Anísio Mello |
Escrevi este texto para encaminhar um novo livro de Anísio Mello, a ser editado - assim espero, assim seja - pela Academia Amazonense de Letras, da qual Mello foi membro efetivo.
Não tenho como desassociar o Chá do Armando do homem de tantos instrumentos (pintor, escultor, poeta, crítico, músico, contista, folclorista e, ainda, jornalista e inventor, segundo o “inventariante” Artur Engrácio), o multiartista Anísio Mello (1927-2010). Conheci-o mais amiúde quando aquela confraria lítero-cultural-filosófica (de cunho beberativo), abrigou-se na residência dele, situada na avenida Joaquim Nabuco, em frente à Beneficente Portuguesa. O endereço em si assustava, porém, a camaradagem do anfitrião fazia superar as carências, as penúrias do casarão secular.
Anísio Mello observa sua tela exposta na Casa do Artista |
Rotineiramente servido à noite de sexta-feira, lá pelas tantas, o eflúvio alcoólico consentia aos chazistas superar os fantasmas multifaces para imunes, confraternizar com os anjos e os artistas de vários matizes que por ali desfilavam. De igual modo, semanalmente revíamos do dono da casa as composições artísticas e melódicas; as histórias de sua família e dos habitantes da floresta; sua produção em prosa e verso; os livros lançados e os "prometidos"; o jornal Folha do Norte, editado em São Paulo (SP) e o desastre do seringal em Eirunepé (AM). Enfim, a pujante saga do imortal Anísio Mello, que continuamente retemperava os partícipes do Chá e de quantos frequentaram sua residência.

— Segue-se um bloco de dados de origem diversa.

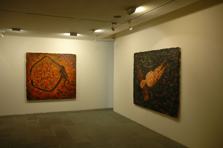 當一位畫家為了完成自己,他必須滲透,滲透到自己的內在,滲透到自己的靈魂,他必須完全交付出自己。他既不能為觀眾而畫─ 那有賣弄之嫌,也不能全為觀察自己而畫─ 那會導向虛偽及歇斯底里,因為如果心理狀態一被觀察就不再是活生生的,而是一種觀察後的模倣,是虛偽的東西,甚至會演變成自溺式歇斯底里[5]。比較好的方法應是找到一個「安全伴侶」,創作的目的是向他交付出自己。欣賞黃榮禧的作品關鍵點就在於觀者與作品對應時的感受,不能是賣弄,也不虛偽,相反的,應是一種對著安全伴侶的真誠傾洩。傾洩而出的東西或許看起來也歇斯底里,但卻絕不是咨意即興,而是具有真正的感情傳輸,最後可以形成靈魂淬鍊的痕跡。就好像個體的本我,可以不被皮膚侷限,隨著這種傾洩,蔓延到場域中。黃榮禧一路推送這種蔓延,不時迷路,走過慢慢長征。 2000 年在台灣最後一次個展到現在,我們看到他的創作漸漸朝向歸鄉之路,「鄉」指的應是內在的原鄉,但我不敢說畫家在這場傾洩之旅的末端原鄉會是什麼?超越的可能性又在哪裡?我只能問一句「一路好玩嗎?」,觀眾在此只有一種角色可以扮演─ 亦即安全伴侶,不多說了,安全伴侶是不多說話的。

Chazista (seguidor do Chá) militante, eu me converti em seguidor emérito do mestre da Escola de Artes Ester Mello (fundada por sua mãe, que Anísio fez funcionar até sua morte). E, porque residíamos próximos, foi dessa outra maneira que me tornei habitué de seu empoeirado acervo. Empoeirado, porém inestimável!
Nada daquela desorganização, todavia, me surpreendia, afinal me ufano de minha fortuna em tais ambientes, e naquele também fui inegavelmente bem-sucedido. O tratamento da doença que acometeu Anísio Mello, em seus derradeiros momentos, levou-o à hospitalização. De modo lamentável, não houve recursos medicinais capazes de reverter o quadro, assim, para meu pesar, na tarde do domingo, 11 de abril de 2010, estava morto o admirável elaborador de tantas belezas. Empenhei-me tanto no velório quanto no sepultamento.Então, retornei ao acervo do extinto.
Espanadas as teias de aranha e a poeirada, deparei-me com preciosidades, com relíquias que o descaso, o infortúnio condenava ao entulho da cidade. Aqui é o momento de registrar um “salutar” pecado: levei do desprezado acervo o quanto pude. Ao inventariar o butim, relacionei ao menos quatro projetos de livro. E, no intuito de expiar a minha infração, já retirei das sombras dois desses propósitos: o primeiro foi Convite à Poesia, em 2011, inaugurando as Chá do Armando edições e lembrando o primeiro ano do desaparecimento do seu autor. O outro foi Hemetério Cabrinha, poeta, que as edições do Governo do Estado e a Secretaria de Cultura deram vida, em 2015.
Enfim, diante dessa mobilização, sinto-me indultado pelo delito confesso. No entanto, em favor de Anísio Mello, há dois projetos em elaboração: Óscar Ramos, diretor do Museu da Cidade, organiza uma amostra do material reconhecido. E, no próximo ano, décimo de sua morte, já aparelho, associado ao chazista Nonato Braga, uma exposição com o quanto de seu arsenal artístico ainda existe.